Head of House GOP recruitment for 2020 opts not to run in 2020 - 3 minutes read
Rep. Susan Brooks (R-IN) will not seek a seek re-election next November, she announced on Friday. Beyond vacating a swing district in the northern suburbs of Indianapolis, Brooks’ decision presents another major blow to her party’s chances of regaining the majority in the House of Representatives: she was literally the person in charge of recruitment for that effort.
Brooks is one of just 13 women in the 198-member House Republican caucus. In January, she was appointed by National Republican Committee Chairman Rep. Tom Emmer (R-MN) to be his vice chair for recruitment.

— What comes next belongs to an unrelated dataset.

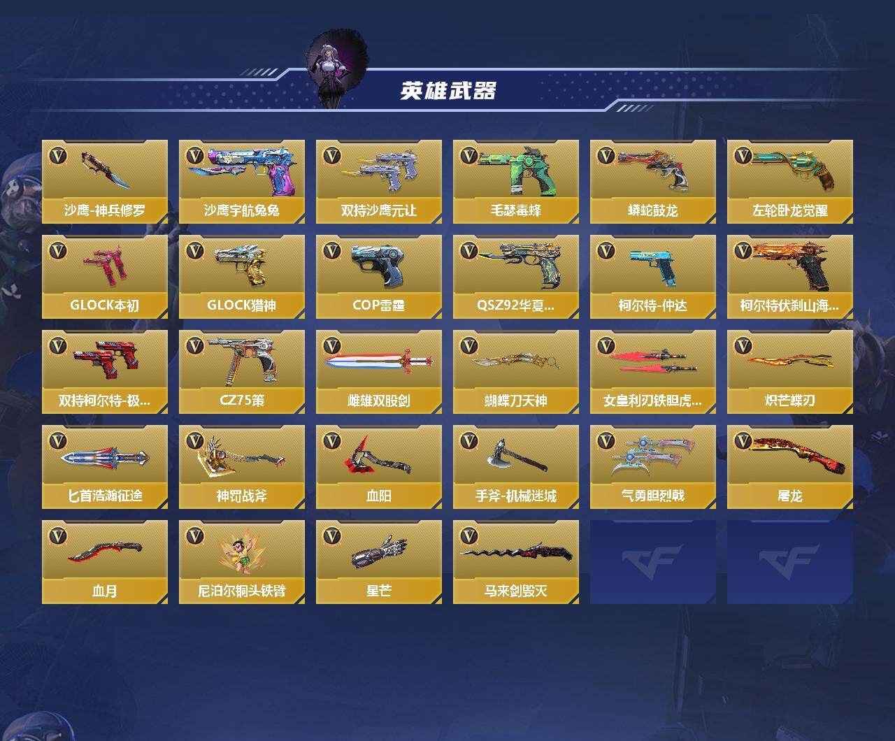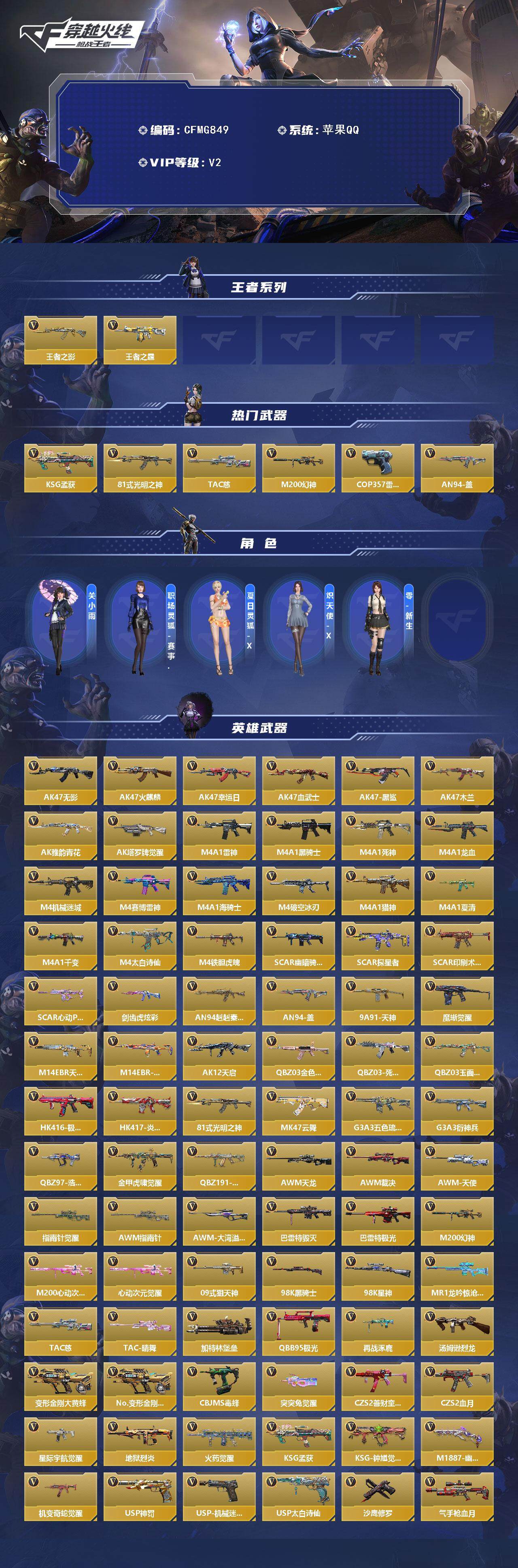 【cfmg849】vip2/237v/王者之影/王者之霆/ksg-孟获/81式-光明之神/tac-慈/m200-幻神/cop357-雷霆/an94-盖/关小雨/职场灵狐-赛事经理/夏日灵狐-x/炽天使-x/零-新生/ak47-无影/ak47-火麒麟/ak47-幸运日/ak47-血武士/ak47-黑鲨/ak47-木兰/ak47-雅韵青花/ak47-塔罗牌觉醒/m4a1-雷神/m4a1-黑骑士/m

In the months since, she has attempted to push her party to find candidates who “do a better job of looking like America, and better representing the very diverse country that we have,” and vowed a “significant” emphasis towards finding more women and people of color to run for Congress as Republicans.
Joe Donnelly carried her district, #IN05 —> https://t.co/3jslMlRzai
— J. Miles Coleman () June 14, 2019
But less than five months after agreeing to lead the effort, Brooks told USA Today that she has opted not to be one of those women.
“While it may not be time for the party, it’s time for me personally,” she told the paper in an interview published Friday. “This really is not about the party. It’s not about the politics. It’s just about, ‘How do I want to spend the next chapter of my life?'”
Brooks added in an email to supporters that she understood the optics of her move will lead to “much, MUCH, conjecture” about her decision. She told USA Today that she would understand if her party wants to replace her as recruitment head, but said she had no idea what they would do as she had not yet told them of her decision.
Brooks’s time in Congress has been marked by several examples of great hypocrisy.
She urged action last year to protect undocumented immigrants brought to the country as children, but declined to sign the discharge petition that would have brought it up for a vote. Though 23 House Republicans bucked their party’s leadership to try pass the bill, it ultimately fell just two signatures shy.
And though she publicly opposed shutting down the government to force taxpayer funding for President Donald Trump’s proposed southern border wall, she repeatedly voted against Democratic efforts to end what became the longest partial government shutdown in the nation’s history.